DE202011100570U1 - Coating protection for protective tubes on microwave antennas - Google Patents

Abstract

Coating protection for protective tubes (1) on microwave antennas of a plasma source, the protective tube (1) separating the atmosphere from the plasma space, characterized in that the protective tube (1) is covered with a fabric or felt that can withstand temperatures of at least 180 ° C.

Description

The invention relates to a coating protection for protective tubes to microwave antennas with the features of claim 1, in particular for industrially applicable plasma sources.

State of the art

According to the prior art, industrially usable plasma sources consist essentially of a microwave generator with a corresponding transmission system, and an antenna which is enclosed by a protective tube. The protective tube serves to separate the outer atmosphere from the low pressure in the plasma chamber in which the plasma is formed. Furthermore, the dielectric protection tube ensures a good coupling of the microwaves into the plasma chamber. The antenna is arranged coaxially in the protective tube. The coupling of the microwaves takes place from one or both sides of the antenna through the protective tube into the plasma chamber. At a pressure range between 0.05 to 10 mbar, the plasma chamber around the protective tube causes a plasma to ignite. Due to the high electrical conductivity of the plasma, this forms together with the antenna a coaxial waveguide in which the microwaves can propagate, so that over the entire length of the protective tube, a homogeneous plasma can be generated. This plasma is characterized by high densities of charge carriers, radicals, excited and dissociated species in the vicinity of the protective tube with excellent homogeneity over the entire length of the plasma source.

For example, the DE 198 12 558 A1 a device for generating linearly extended ECR plasmas. A linearly extended inner conductor is surrounded by a protective tube made of quartz glass and the RF power required for plasma generation is injected on one side or on both sides at the ends of the inner conductor. Coaxially with the inner conductor and the protective tube, a waveguide is provided at a distance R such that a plasma is formed in a plasma space between the protective tube and the waveguide.

A disadvantage of all known solutions is that the surface of the protective tube, which faces the plasma chamber and is thus exposed to the plasma, is also exposed to the reaction processes taking place there. This results in sometimes significant coatings of the protective tube.

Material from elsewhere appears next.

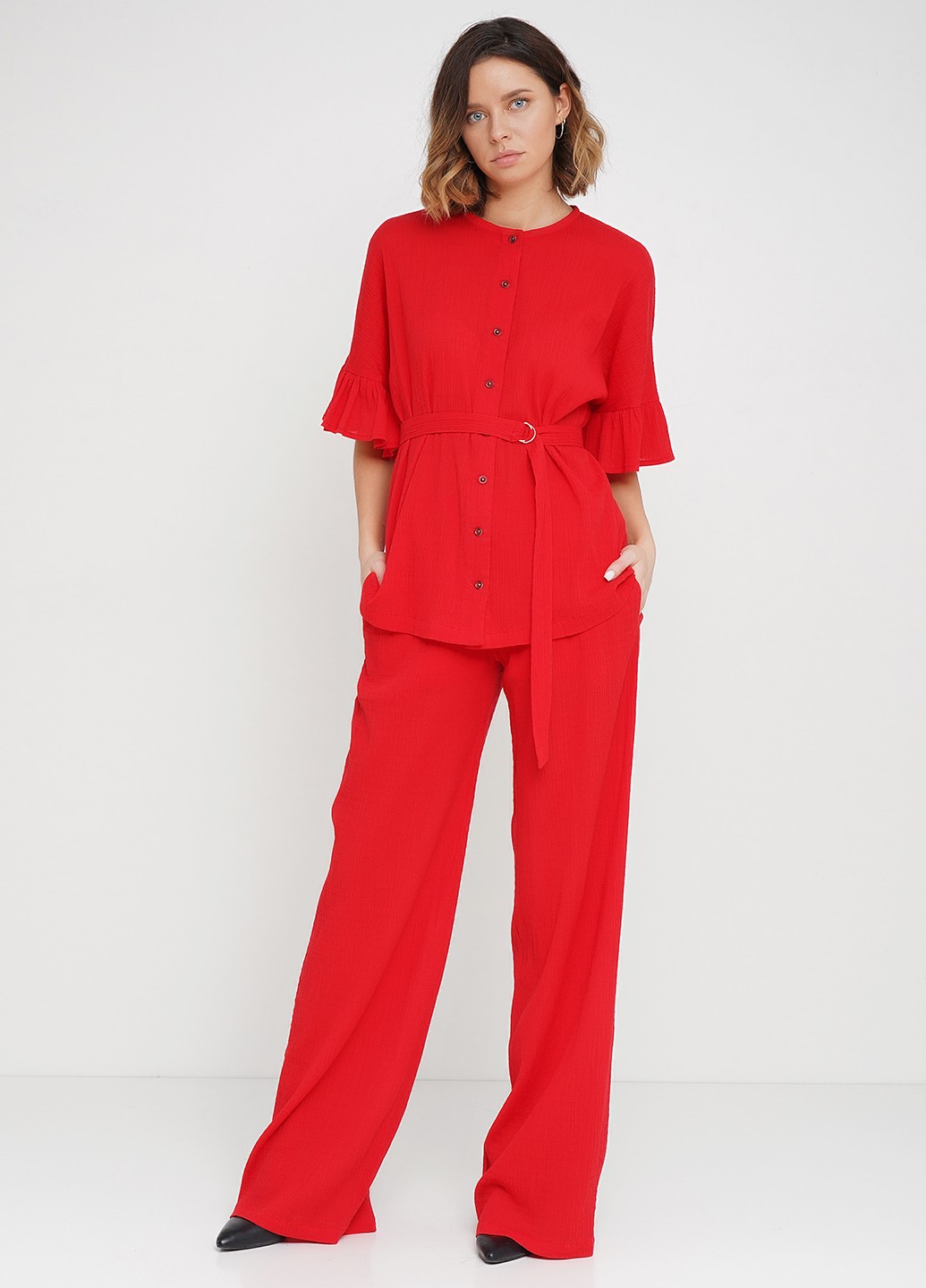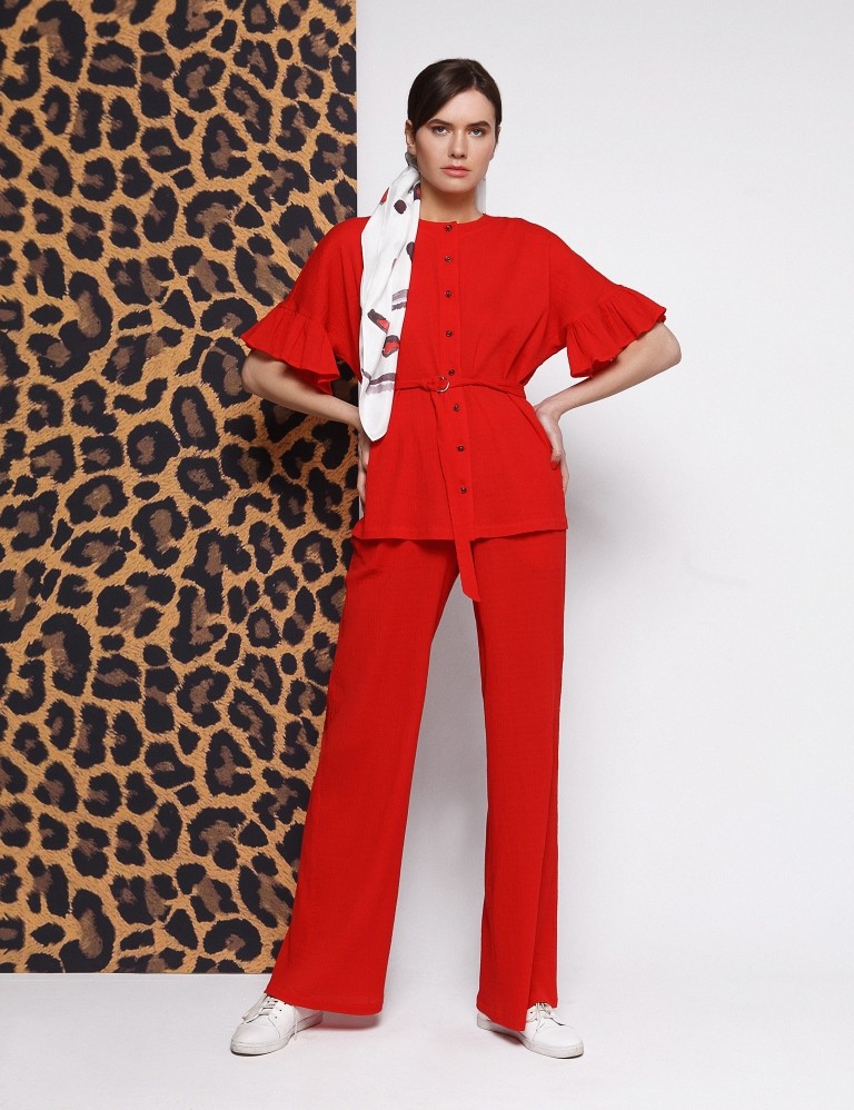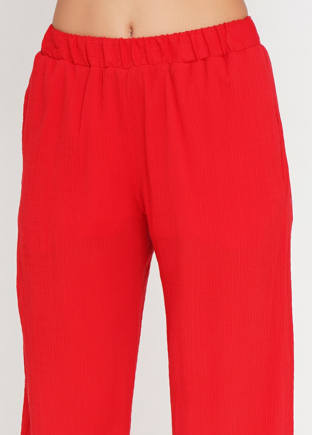 Хлопковые прямые макси брюки красного цвета с подкройным поясом на резинке,с карманами в боковом шве.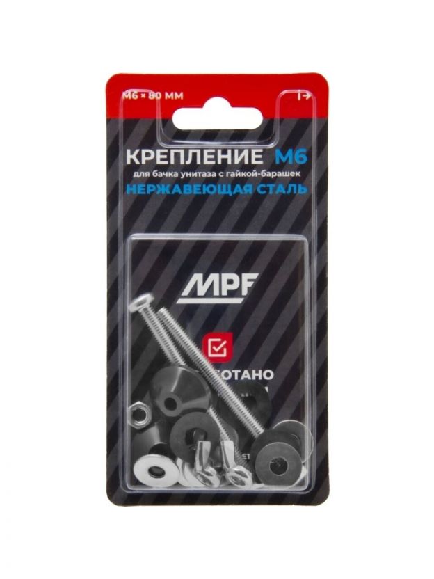 Крепление для унитаза к бачку, 2 шт, 80 мм, М6, с барашком, индивидуальная упаковка, MasterProf, ИС.131591

At the commonly used thermowells, z. B. of alumina, aluminum silicate, zirconium oxide, boron nitride, silica, silica, calcium oxide or magnesium oxide, with a smooth surface, the layers can adhere poorly and it comes very quickly to unwanted spalling of the coatings, with the result that corresponding particles to be treated technologically Deposit surfaces and cause technical errors.

The flaking off of the coatings varies in the different processes. Thus, the different thermal expansion coefficients, in particular the linear expansion coefficient α, of the individual materials lead to stresses which lead to the flaking of the coatings. For example, α of quartz glass is 0.54 × 10 ^-6 K ^-1 and of silicon nitride (Si ₃ N ₄ ) α is between 2.5 to 3.0 × 10 ^-6 K ^-1 .

Attempts to reduce the flaking of the coatings by roughening the surface of the protective tube, brought no significant success.

Further disadvantageous effects can occur in that atomic hydrogen dissolves oxygen from the surface of the quartz glass due to sputtering effects and thus the quartz glass structure can come to dissolve on the surface of the quartz glass.

There are also known attempts to clad the quartz glass tube with films of polyimides (eg Kapton from DuPont) which are intended to act as a separating layer between the protective tube and the coatings. Such films are in particular because of their heat resistance, low outgassing, radiation resistance and their insulating properties into consideration. Even with such solutions could be achieved because of the smooth surface of the polyamide films no significant technical success.

task

It is therefore an object of the invention to provide a coating protection for protective tubes on microwave antennas, which effectively reduces the flaking off of coatings which grow up during the plasma processes and, with corresponding methods, prevents the occurrence or the effect of sputtering effects on the surface of the protective tube or significantly reduced.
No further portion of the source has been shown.